There are public-key algorithms based on a matrix similar to this one but defined over mod p with "p" prime. We've found little to nothing on the topic in the first hours after the chall's release.
After some time, we noticed that the public exponent's length was close to N. In some RSA challs this meant that the secret key was intentionally made short so it could be recovered using [Weiner](https://en.wikipedia.org/wiki/Wiener%27s_Attack) or [Boneh-Durfee](https://cryptohack.gitbook.io/cryptobook/untitled/low-private-component-attacks/boneh-durfee-attack) attacks. Since the public key was randomly chosen (according to the key generation algorithm), the probability of "d" being small was negligible, so none of the attacks would work.
Despite that, we gave it a try. Weiner's attack couldn't find any solution. Without knowing the size of the secret key we had to guess Boneh-Durfee's main parameters, "m" and "delta", until we found a solvable system. The code, based on [David Wong's implementation](https://github.com/mimoo/RSA-and-LLL-attacks/blob/master/boneh_durfee.sage) of the attack, took about 20 minutes to find the secret key.

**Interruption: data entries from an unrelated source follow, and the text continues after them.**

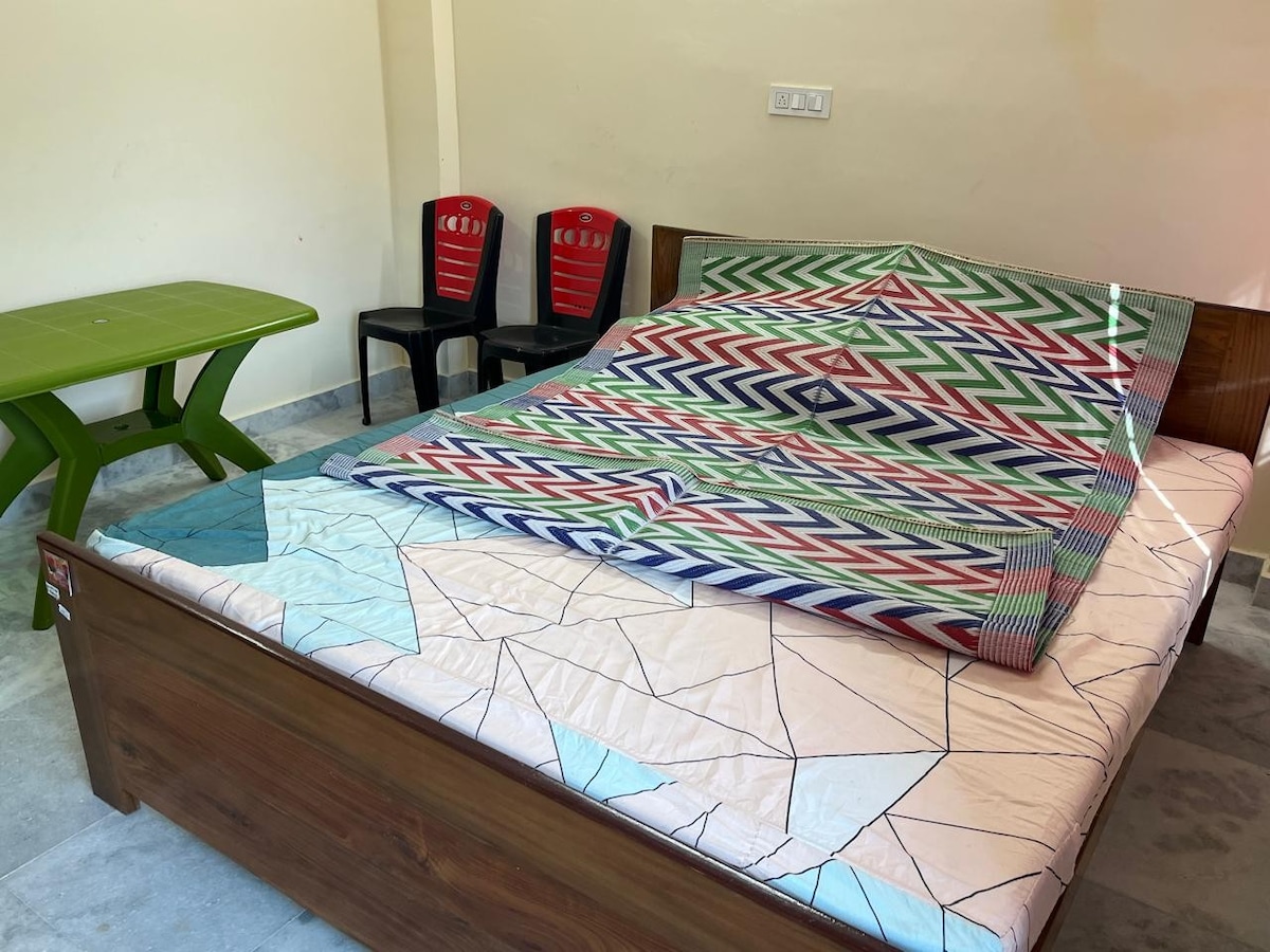 Relax with the whole family at this peaceful place to stay. Spacious room with extra bedding. 5 mins walking distance from TOVP. 2 mins walking from Mayapur Hospital. Please Note: Room is at 3rd floor, many stairs. Lift is not functioning now. Not suitable for elderly people.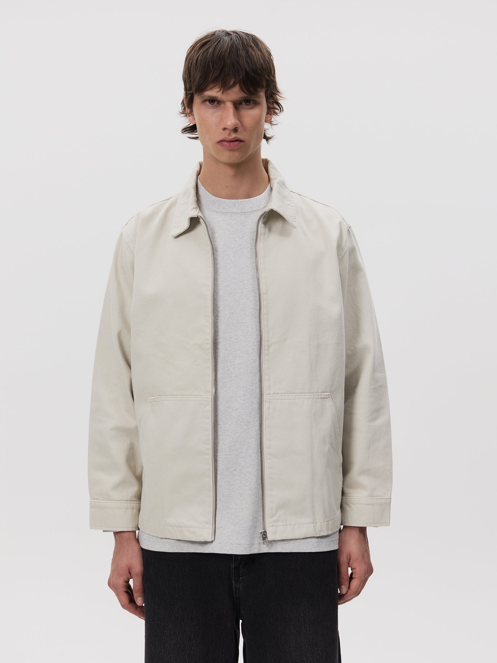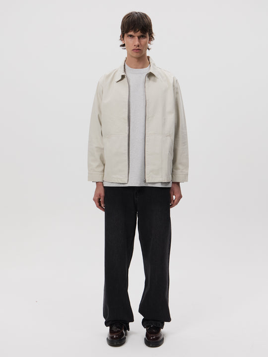 The Gus Jacket in Ecru by Article One features a structured silhouette with a zip-up front, pointed collar, and minimal detailing.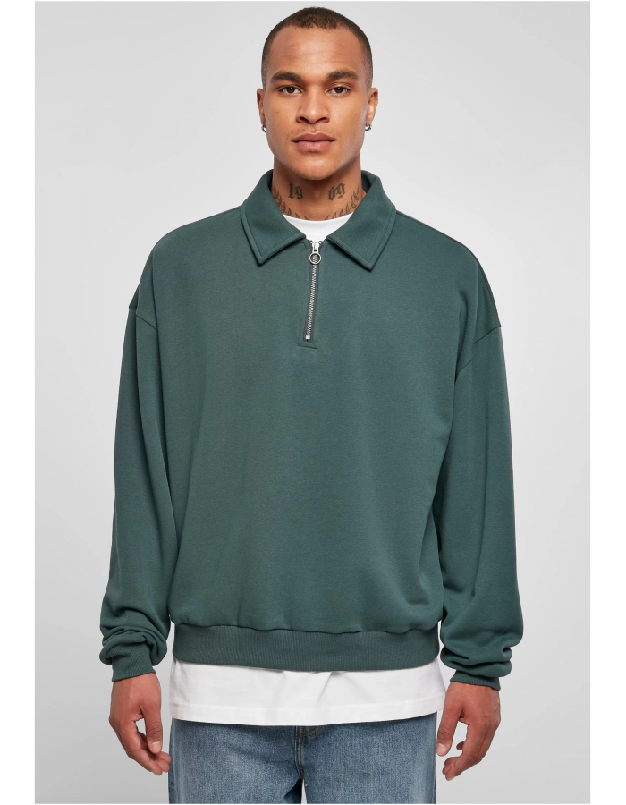 Pánská mikina nabízí jak límec s klopou na zip, tak i trendy oversize střih se spadlými rameny a extra dlouhými rukávy. Manžety a lem jsou žebrované a použitá látka je směs bavlny a polyesteru, která zajišťuje optimální pohodlí při nošení.

Then we were able to decrypt the flag.
```python
def simpleBonehDurfee(e, N, delta=.18, m=4): # modified from https://github.com/mimoo/RSA-and-LLL-attacks/blob/master/boneh_durfee.sage
t = int((1-2*delta) * m) # optimization from Herrmann and May
print(t)
X = 2*floor(N^delta) # this _might_ be too much
Y = floor(N^(1/2)) # correct if p, q are ~ same size
# Problem put in equation
P.<x,y> = PolynomialRing(ZZ)
A = int((N+1)/2)
pol = 1 + x * (A + y)
#
# Find the solutions!
#
# Checking bounds
if debug:
print("=== checking values ===")
print("* delta:", delta)
print("* delta < 0.292", delta < 0.292)
print("* size of e:", int(log(e)/log(2)))
print("* size of N:", int(log(N)/log(2)))
print("* m:", m, ", t:", t)
# boneh_durfee
if debug:
print("=== running algorithm ===")
start_time = time.time()
solx, soly = boneh_durfee(pol, e, m, t, X, Y)
# found a solution?
if solx > 0:
print("=== solution found ===")
if False:
print("x:", solx)
print("y:", soly)
d = int(pol(solx, soly) / e)
print("private key found:", d)
else:
print("=== no solution was found ===")
N = 229390284327362543631665561538247955943148090861464626741869076801016755542189232243447878145301540155649892155496714591713267451549337065451608041169675633296363209537979285128757920653236098206767564349167459543243559294991799646959526281872382987894932951892563759168376575008335477035621
e = 164317532240415045202765124100454586391785201865316431289581518383413159130652307960709946708738537015272258748252057381718720993385777298921277253898971188100901630406599274662247377867031195839726642402978340331553176421498052361412931554817586093593349074448250972947033186911822384592457
delta = 0.28
m=12
#d = simpleBonehDurfee(e, N, delta, m)
d = 1839320038472006359578228121964872958248984913931534334417556559320978533688828921
def decrypt(ENC, N, privkey):
N = N
C0, S = ENC
T = matrix(Zmod(N) ,S) ** privkey
CM = matrix(Zmod(N), C0) * T ** (-1)
C = matrix(Zmod(N), [[pow(CM[i][j], privkey, N) for i in range(11)] for j in range(11)])
C = [C[i][j] for j in range(11) for i in range(11)]
enc = b''
for c in C:
enc += bytes([c])
msg = long_to_bytes(pow(bytes_to_long(enc), privkey, N))
return msg
print(decrypt(ENC, N, d))
#ASIS{S1mPl3_8uT_N0vEL_pUBl1C_K3Y_Cryp70sy5t3M!!}
```
___
## Final thoughts
That chall received a lot of valid criticism after the CTF ended, mainly because the only thing necessary to solve the chall (the private key's length) was "obscured" at best. I strongly believe that there would be a lot more solves if anything suggested that the private exponent was small or generated differently.